# Big Red



## Stoopette (May 30, 2012)

I know it's been decades since this horse has passed away, but I wanted to create a little thread for him to remember how great he was, and how hard he raced to win the triple crown.

That horse is Secretariat "Big Red". He, in my opinion, is and was one of the best race horses of all time, and I was so inspired when I saw the movie they made about him a year ago or so. Left me breathless and I wanted to learn so much more not only about him, but horses in general as well. So I wanted to pay respects to him, and hopefully get some others to do so as well.

RIP Secretariat, greatest horse in my eyes <3










Thank you! :3


----------



## Skyseternalangel (Jul 23, 2011)

Is that your painting?

I don't really follow the racing industry (or really any professional part of horses.. I just enjoy horses lol!) but I did see the movie and it was very interesting to watch. 

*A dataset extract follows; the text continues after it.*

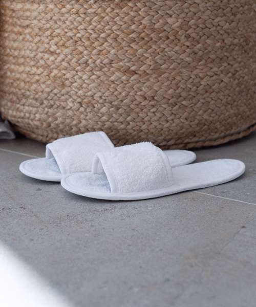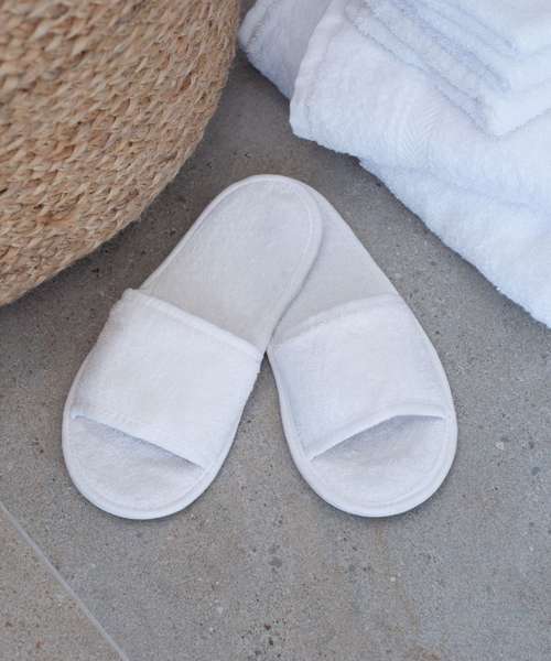 Step out in comfort with the classic open-toed mule slippers made from durable terry fabric.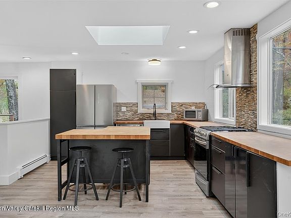 Welcome to your fully reimagined 2025 Catskills retreat—move-in ready the moment you turn the key. This light-filled home has been updated top to bottom: energy-efficient windows, updated electric and plumbing, mini-split climate control, on-demand hot water, newer roof and a whole-house generator that keeps the lights on no matter what. Inside, fresh flooring, crisp paint, new trim and doors flow from room to room. The kitchen gleams with refinished counters, updated cabinetry, stainless appliances, and a wood stove for supplemental heat to keep you toasty all winter long. Step through the sliding glass door onto freshly stained decks overlooking seasonal mountain views and a fully fenced backyard—your private playground for pets, kids, or sunset dinners. Tucked on the edge of the Ashokan Reservoir (a 3-minute stroll to the Rail Trail and Boiceville Bridge), this is Catskills serenity with zero sacrifice on convenience. Kingston's waterfront restaurants, UPAC theater, and Hannaford are just 18 miles away; Woodstock's galleries and live music are 10 miles down the road; New Paltz climbing walls and breweries sit 33 miles east. Groceries and Dunkin' are 2 minutes from your driveway, yet hundreds of acres of protected forest wrap the property in quiet only the mountains can provide. Primary residence or a weekend escape, this home checks every box. Schedule your private tour today

But what a gentle idea, he certainly had a lot of talent. May he rest in peace and be remembered forever.


----------



## redpony (Apr 17, 2012)

Like you, Stoopette, Secretariet was my inspiration. I had been riding horses all my life but his races ignited a passion for racing in me! I know i'm giving away my age but I watched them live (on TV). I now race Standardbreds and the thrill of watching your own horse is incredible, indescribable really. When the movie came out I was afraid I wouldn't like it but it was really good.I don't believe there well ever be another that compares to him.
_Posted via Mobile Device_


----------



## Stoopette (May 30, 2012)

redpony said:


> Like you, Stoopette, Secretariet was my inspiration. I had been riding horses all my life but his races ignited a passion for racing in me! I know i'm giving away my age but I watched them live (on TV). I now race Standardbreds and the thrill of watching your own horse is incredible, indescribable really. When the movie came out I was afraid I wouldn't like it but it was really good.I don't believe there well ever be another that compares to him.
> _Posted via Mobile Device_


I unfortunately wasn't around to watch him race, but I would've loved to be. Ever since, I've watched as many races on TV as I could. I'd love to witness one myself, maybe go to one of the triple crown races some day and watch them run. I also really want to visit Secretariat's statue some time in my life so I can pay tribute to him.


----------